THE housing firm set to receive £15m of public money to build nearly 200 homes on toxic land in Greenock had NO PLAN to make the ground safe when councillors approved the proposal.

Link Group Ltd, who bought the poisoned former Ravenscraig Hospital site for £1, didn't start work on a 'remediation strategy report' until July — four months after their social housing application was given the green light.

But Link's bosses had been in possession of a report they themselves had commissioned — detailing 'multiple exceedances' of dangerous and cancer-causing chemicals in the ground — since November in 2017.

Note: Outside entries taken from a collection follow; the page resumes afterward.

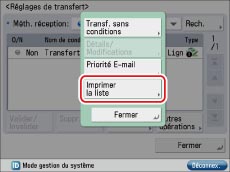Suivre les procédures ci-après pour imprimer la liste des réglages de transfert.
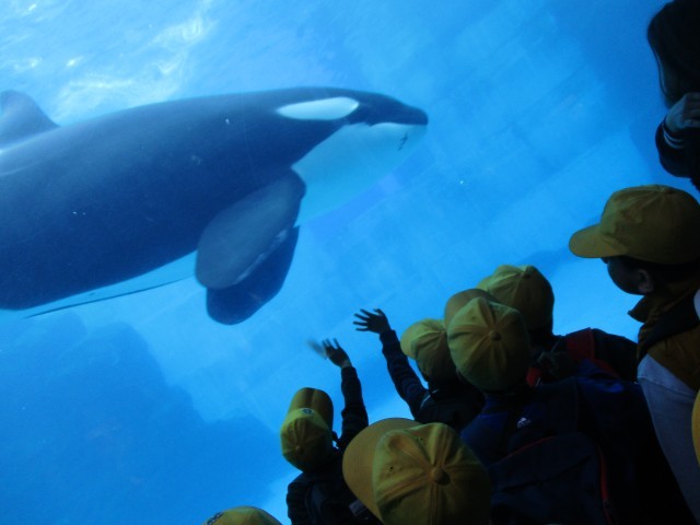 11月18日火曜日、2年生は社会見学で名古屋港水族館へ行きました。シャチ、バンドウイルカ、ベルーガなどといった、たくさんの海の生き物を見ることができました。「シャチって、とても大きいんだね。」、「イルカは泳ぐ時に、背泳ぎみたいにしているね。」などと、発見したことをしっかりとメモに取りました。イルカショーでは、イルカたちが息を合わせてジャンプをする姿や、速く泳ぐ姿に感動していました。
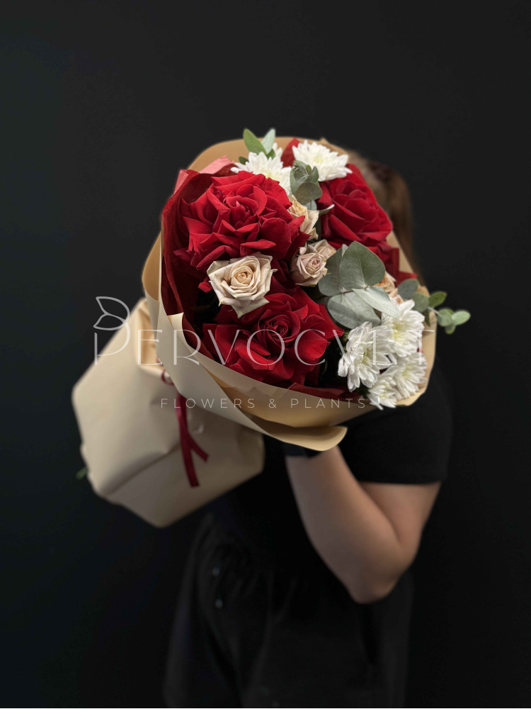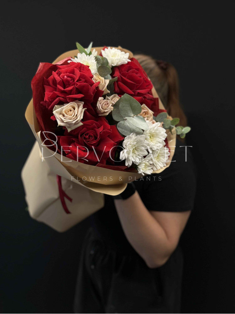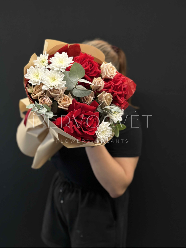 Розы и хризантема в современном сочетании и стильном оформлении рук наших флористов: французская красная роза сорта Фридом, кустовая роза в персиково-кремовом оттенке и белая пушистая хризантема. Яркий букет, свежих и интересных сортов - для любого повода!

Work on the remediation plan, which must satisfy Inverclyde Council's contaminated land officer before any construction work can proceed, got under way after concerned MSP Stuart McMillan called for the 'utmost clarity' from Link in June.

The firm — affiliated with Larkfield Housing Association — bought the contaminated 83-acre site 17 months ago in a 'back-to-back' transaction involving former owner, NHS Greater Glasgow and Clyde, and the Scottish Government.

Inverclyde Planning Board passed the housing application by just one vote in March this year after chief officer Stuart Jamieson said that he was 'satisfied' with a series of conditions his department imposed on Link.

But Mr Jamieson admitted during the meeting: "We don't know what the levels of contamination are on the site."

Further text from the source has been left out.